For test purpose, I need to construct an object on non-zero memory. This could be done with:

{     struct Type { /* IRL not empty */};     std::array<unsigned char, sizeof(Type)> non_zero_memory;     non_zero_memory.fill(0xC5);     auto const& t = *new(non_zero_memory.data()) Type;     // t refers to a valid Type whose initialization has completed.     t.~Type(); } 

Since this is tedious and made multiple times, I'd like to provide a function returning a smart pointer to such a Type instance. I came up with the following, but I fear undefined behavior lurk somewhere.

Question

Is the following program well defined? Especially, is the fact that a std::byte[] has been allocated but a Type of equivalent size is freed an issue?

#include <cstddef> #include <memory> #include <algorithm>  auto non_zero_memory(std::size_t size) {     constexpr std::byte non_zero = static_cast<std::byte>(0xC5);      auto memory = std::make_unique<std::byte[]>(size);     std::fill(memory.get(), memory.get()+size, non_zero);     return memory; }  template <class T> auto on_non_zero_memory() {     auto memory = non_zero_memory(sizeof(T));     return std::shared_ptr<T>(new (memory.release()) T()); }      int main() {     struct Type { unsigned value = 0; ~Type() {} }; // could be something else     auto t = on_non_zero_memory<Type>();     return t->value; } 

Live demo

 


The rule is that if a type has a trivial destructor, you don't need to call it. So, this:

return std::shared_ptr<T>(new (memory.release()) T()); 

is almost well formed. It omits the destructor of the sizeof(T) std::bytes, which is fine, constructs a new T in the memory, which is fine, and then the destructor for std::shared_ptr calls the matching destructor for T that was constructed. However, it doesn't call delete[] for the std::byte array.

Another problem is the memleak if the constructor of T throws. A simple fix is to just make it delete[] and construct T before the unique pointer is released (So delete[] is called):

T* ptr = new (memory.get()) T(); memory.release(); return std::shared_ptr<T>(ptr, [](T* ptr) {     ptr->~T();     delete[] reinterpret_cast<std::byte*>(ptr); }); 

EDIT:

Quotes from the standard:

Section [new.delete.array] (21.6.2.2)

void operator delete[](void* ptr) noexcept;
11. Requires: ptr shall be a null pointer or its value shall represent the address of a block of memory allocated by an earlier call to a (possibly replaced) operator new[](std::size_t) or operator new[](std::size_t, std::align_val_t) which has not been invalidated by an intervening call to operator delete[].

Section [expr.delete] (8.5.2.5)

  1. If the value of the operand of the delete-expression is not a null pointer value, the delete-expression will invoke the destructor (if any) for the object or the elements of the array being deleted. In the case of an array, the elements will be destroyed in order of decreasing address (that is, in reverse order of the completion of their constructor; see 15.6.2).

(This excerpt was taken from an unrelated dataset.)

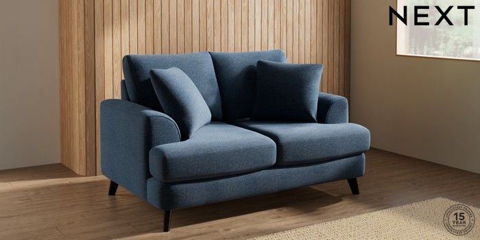 7.0.3 Buy Parker 2 Seater Small Sofa Ripple Chenille Dark Blue Low Retro Tapered - Dark from the Next UK online shop Click here to use our accessible website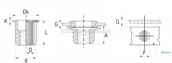 Заклепка резьбовая М8х1,25х18,0, сталь, стандартный шестигранный борт с насечками Гайка заклепочная шестигранная со стандартным бортом имеет более усиленную конструкцию за счет ребер жесткости. Гайка изготавливается в форме шестиугольника с цилиндрическим бортом (буртиком) и может использоваться с более высокой нагрузкой по сравнению с цилиндрической резьбовой заклёпкой. Монтажное отверстие для шестигранной заклёпки-гайки (HEX) изготавливают посредством вырубки или лазерной плазменной резки. После расклепывания получается шестигранный выступ и упорный буртик. Технические характеристики: | D | G,мм | F,мм +0,1/-0 | d,мм +0,07/-0,1 | Dк,мм | k,мм ± 0,15 | L, мм ± 0,30 | A Ref. | | М4 | 0,5-2,0 2,0-4,0 | 6,00 | 5,90 | 9,00 | 0,80 | 11,00 13,50 | 6,5 7,0 | | М5 | 0,5-3,0 2,5-5,0 | 7,00 | 6,90 | 10,00 | 1,00 | 13,00 16,50 | 7,5 8,0 | | М6 | 0,5-3,0 3,0-5,0 | 9,00 | 8,90 | 12,70 | 1,30 1,50 | 15,00 19,50 | 8,5 10,2 | | М8 | 0,5-3,0 3,5-6,0 | 11,00 | 10,90 | 16,00 | 1,50 | 18,00 21,00 | 10,2 | | М10 | 4,0-5,5 | 12,00 | 11,90 | 18,00 | 1,70 | 21,00 | 13,5 | | М10 | 1,0-4,0 4,0-6,0 | 13,00 | 12,90 | 18,00 | 1,70 | 21,00 23,00 | 12,5 14,0 | | М12 | 1,0-5,0 5,0-8,0 | 15,00 | 14,90 | 20,00 | 1,70 | 23,00 27,00 | 14,0 14,5 | | М12 | 2,0-5,0 | 16,00 | 15,90 | 23,00 | 2,00 | 27,00 | 16,5 | Механические параметры (Разрушающая нагрузка): Диаметр , D, мм | | | Вырыв болта, Кн | Скручивание резьбы, Нм | Срез ,Кн | | М3 | — | — | — | | М4 | 6.8 | 5 | 2.8 | | М5 | 11.5 | 9 | 3.9 | | М6 | 16.5 | 15 | 5.9 | | М8 | 25 | 26 | 7.0 | | М10 | 32 | 45 | 7.2 | | М12 | 34 | 115 | 7.5 | Купить Заклепку резьбовую стандартный шестигранный борт с насечками в Екатеринбурге и Свердловской области можно в сети магазинов КРЕПЕЖ-СИТИ. ВНИМАНИЕ! На сайте указано наличие товара на складе в Екатеринбурге. Наличие в магазинах просьба уточнять по телефонам. Доставка по Екатеринбургу от 10 тыс. руб. Доставка до ТК бесплатно. Скидки для постоянных покупателей. Интернет-заказы обрабатываются в рабочие дни с 10 до 18 часов.

Section [basic.life] (6.6.3)

  1. A program may end the lifetime of any object by reusing the storage which the object occupies or by explicitly calling the destructor for an object of a class type with a non-trivial destructor. For an object of a class type with a non-trivial destructor, the program is not required to call the destructor explicitly before the storage which the object occupies is reused or released; however, if there is no explicit call to the destructor or if a delete-expression (8.5.2.5) is not used to release the storage, the destructor shall not be implicitly called and any program that depends on the side effects produced by the destructor has undefined behavior.
  1. Similarly, before the lifetime of an object has started but after the storage which the object will occupy has been allocated or, after the lifetime of an object has ended and before the storage which the object occupied is reused or released, any glvalue that refers to the original object may be used but only in limited ways. For an object under construction or destruction, see 15.7. Otherwise, such a glvalue refers to allocated storage (6.6.4.4.1), and using the properties of the glvalue that do not depend on its value is well-defined. The program has undefined behavior if: [...] the glvalue is used to call a non-static member function of the object

So technically, since the destructor is a non-static member function of std::byte, and operator delete[] calls it (even though it does nothing) this is UB.

Edit 2:

As @NathanOliver pointed out, std::byte (Which is an enum class for char) does not have a destructor, so the above works fine.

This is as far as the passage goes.